## ASSIGNMENT
Beginning with the line that contains "6、活动期间,玩家需要向同一", restate each line below through the final one exactly, and exclude the pictures.

──────── RECORD EXCERPTS ────────

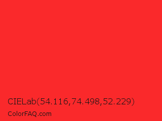CIELab 54.116,74.498,52.229 Color is a normal red color and the nearest color is Deep Carmine Pink #ef3038. Hex code #fa292b and RGB value is rgb(250,41,43). In RGB color space, this color is composed of 98% red, 16% green, 17% blue, In CMYK color space, this color is composed of 0% cyan, 84% magenta, 83% yellow , 2% black , In HSL color space, this color has a hue angle of 359° , 95% saturation and 57% lightness.
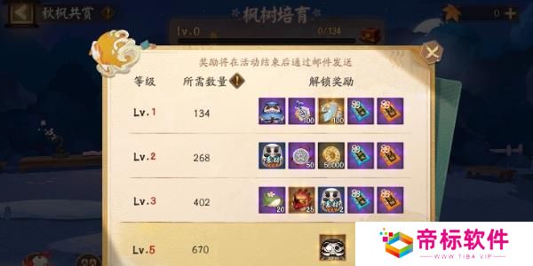 6、活动期间,玩家需要向同一个阴阳寮捐赠240个【秋韵红叶】,才能在活动结束后领取对应等级的寮秘宝奖励。
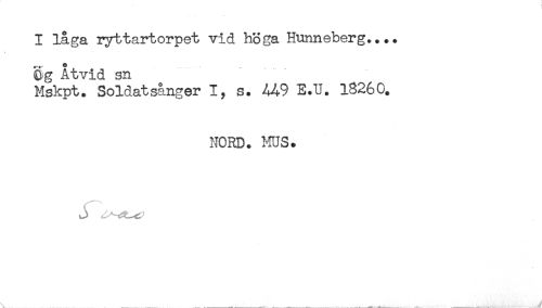 //// I låga ryttartorpet vid höga Hunneberg.... //// Cg Åtvid sn //// Mskpt. Soldatsånger I, s. AA9 E.U. 13260. //// NORD. MUS. //// J ////
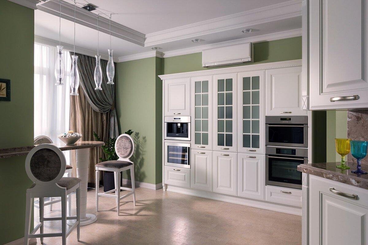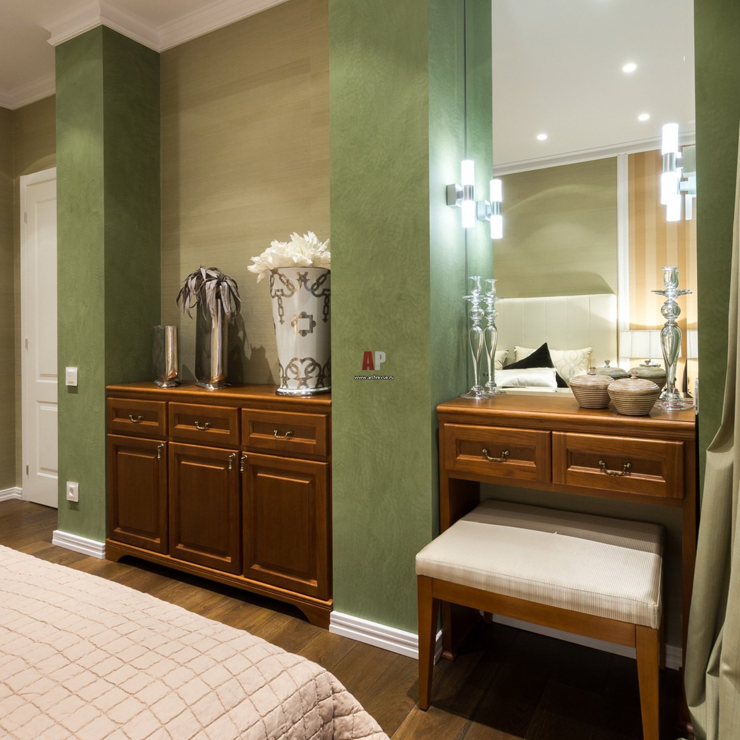 Интерьер спальни в итальянском стиле в зеленых тонах
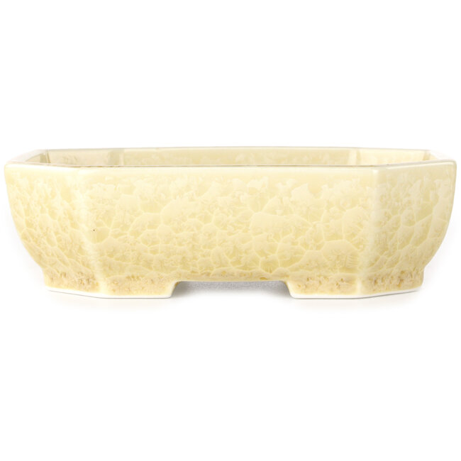 Vaso bonsai ovale bianco sporco, smaltato in cristallo di Heian Senzan - 161 x 132 x 50 mm

────────

## WRITTEN RESPONSE
 6、活动期间,玩家需要向同一个阴阳寮捐赠240个【秋韵红叶】,才能在活动结束后领取对应等级的寮秘宝奖励。
 //// I låga ryttartorpet vid höga Hunneberg.... //// Cg Åtvid sn //// Mskpt. Soldatsånger I, s. AA9 E.U. 13260. //// NORD. MUS. //// J ////
 Интерьер спальни в итальянском стиле в зеленых тонах
 Vaso bonsai ovale bianco sporco, smaltato in cristallo di Heian Senzan - 161 x 132 x 50 mm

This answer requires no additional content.